Hoyer was born in a well-known Mühlhausen family and went to grammar school in Weissenfels. From 1684 he studied medicine at the University of Jena and then became a general practitioner in Mühlhausen. He visited England, Holland and Denmark in 1689 and spent four years in Copenhagen. He returned in 1693 in which time his parents' home had been destroyed in a fire. He received a doctorate from the University of Halle with a thesis that supported and translated the ideas of Friedrich Hoffmann (1660–1742) who refuted the ideas of Cornelis Bontekoe (1647–1685) and Steven Blankaart (1650–1702) that diseases arose from interactions between acid and mucus.
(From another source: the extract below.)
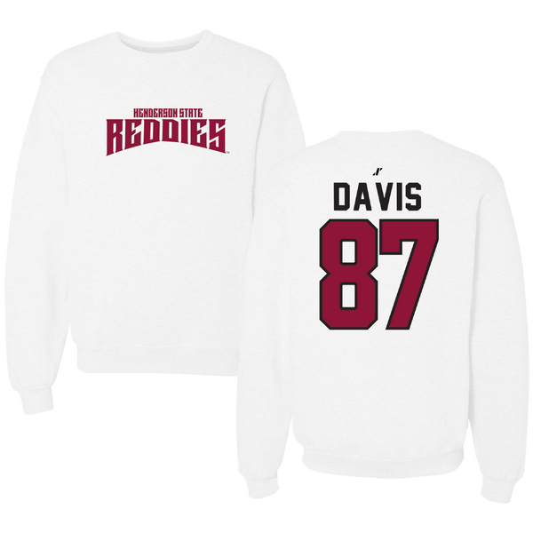 Henderson State University Football White Classic Crewneck - #87 Cayden Davis

He was made city physician by the council of Mühlhausen. In 1695 he was admitted as a member (registration number 216) of the German Academy of Natural Scientists Leopoldina under the pseudonym Apollodorus I. His most famous work was a medical guide published in 1716 which was a revised edition of Pharmacopoea domestica er postalis (1668) by Laurentius Blumentrost (1619–1705) which went by the title of Hauß- und Reiß-Apotheck - a manual of home and travel remedies for various diseases. This included various doubtful ideas including the recipe for a curative rosemary water that was supposedly written by the Queen Elizabeth of Hungary. In the preface Hoyer wrote that Blumentrost was driven not by honor and money to serve in Russia but was answering a divine call to duty.

Hoyer had two sons, physician Christoph Eugen Hoyer and lawyer Georg Leopold Hoyer. A memorial is in the Marienkirche in Mühlhausen.